By contradiction, assume that \(x\in J(R)\) and \(x\ne 0\). Since \(M-PG(R)\) is a complete graph, \(xM=M\). So \(J(R)M=M\) and by Nakayama’s Lemma [7, Proposition 2.6], we have \(M=0\), a contradiction. \(\square \)

Theorem 2.8

Let \(R\) be a ring and \(M\) be a non-zero \(R\)-module. If \(M-PG(R)\) is empty, then \(M\) is a faithful \(R\)-module and we have \(|U(R)|=1\). Moreover, if \(R\) is an Artinian ring, then \(R\cong {(\mathbb {Z}_2)}^k\) for some positive integer \(k\).

Proof

By Remark 2.5, \(ann(M)=0\) and since \(xM=M\) for every \(x\in U(R)\), we have \(|U(R)|=1\) (so char \(R=2\) and \(J(R)=0\)). If \(R\) is Artinian, then by [7, Theorem 8.7], \(R\cong R_1\times \cdots \times R_k\), where \(R_i\) is a local ring and \(k\) is a positive integer. Suppose that \(m_i\) is a maximal ideal of \(R_i\), for each integer \(i, 1\le i \le k\). Since \(|R_i\backslash m_i|=|U(R_i)|=1\), we have \(|m_i|=1\) and hence \(R_i\cong \mathbb {Z}_2\). Thus \(R\cong {(\mathbb {Z}_2)}^k\). \(\square \)

Theorem 2.9

Let \(R\) be an integral domain and \(M\) be an Artinian module. If \(R\) contains a non-zero element \(x\) such that \(x^k\ne 1\) for each positive integer \(k\), then \(\omega (M-PG(R))=\infty \).

Proof

Since \(M\) is Artinian, there exists a positive integer \(n\), such that \(x^kM=x^nM\) for each positive integer \(k\ge n\). Now, \(\{x^k \ | \ k\ge n\) } is a clique in \(M-PG(R)\) and hence \(\omega (M-PG(R))=\infty \). \(\square \)

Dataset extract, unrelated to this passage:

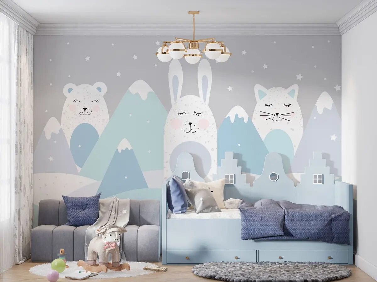 Fototapeten Hase, Bär, Fuchs auf dem Hintergrund der beige schneebedeckten Berge N° u98135v1
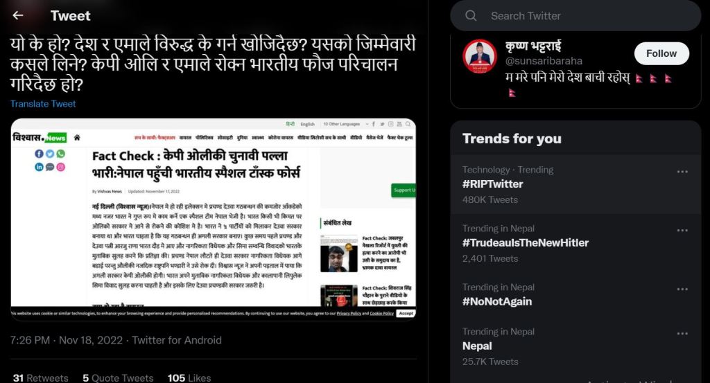 अहिले सामाजिक सञ्जाल ट्विटरमा भारतीय तथ्य जाँचकी संस्था विश्वास न्यूजकाे तथ्य जाँच भन्दै नेपालकाे आम निर्वाचनमा पूर्वप्रधानमन्त्री केपी शर्मा ओलीकाे पल्ला भारी भएकाे र केपी ओलीलाई राेक्न भारतबाट स्पेसल टास्क फाेर्स नेपाल आएकाे भन्ने एउटा सामग्री (स्क्रिनसट) भाइरल भएकाे छ । ट्विटर प्रयाेगकर्ता ‘@sunsaribaraha’ ले मंसिर १ गते भारतीय तथ्य जाँचकी विश्वास न्यूजकाे जस्ताे देखिने स्क्रिनसट सेयर गर्दै लेखेका छन्, “याे के हाे ? देश र एमालेविरुद्ध के गर्न खाेजिँदै छ ? यसकाे जिम्मेवारी कसले लिने ? केपी ओली र एमाले राेक्न भारतीय फाैज परिचालन गरिँदैछ हाे ?”

Let \(R\) be a commutative ring. An \(R\)-module \(M\) is said to be secondary (see [8, p. 42]), if \(M\ne 0\) and, for each \(x\in R, xM =M\) or \(x\in \sqrt{ann(M)}\). (\(\sqrt{ann(M)}\) denotes the radical of \(ann(M)\).)

Theorem 2.10

Let \(R\) be a ring and \(M\) be a secondary \(R\)-module. Then \(|R\backslash P|\le \omega (M-PG(R))\), where \(P=\sqrt{ann(M)}\).

Proof

Since \(M\) is a secondary \(R\)-module, \(xM=M\) for every \(x\in R\backslash P\). So \(R\backslash P\) is a clique in \(M-PG(R)\) and hence \(|R\backslash P|\le \omega (M-PG(R))\). \(\square \)

Theorem 2.11

Let \(R\) be a ring and \(M\) be a non-zero \(R\)-module. If \(N\) is a proper submodule of \(M\), then \(M-PG(R)\) is a spanning subgraph of \(M/N-PG(R)\).

Proof

Suppose that \(x,y\in R\) and \(xM=yM\). So \(x(M/N)=(xM+N)/N=(yM+N)/N=y(M/N)\). Hence if \(x\) and \(y\) are adjacent vertices of \(M-PG(R)\), then \(x\) is adjacent to \(y\) in \(M/N-PG(R)\). Therefore \(M-PG(R)\) is a spanning subgraph of \(M/N-PG(R)\). \(\square \)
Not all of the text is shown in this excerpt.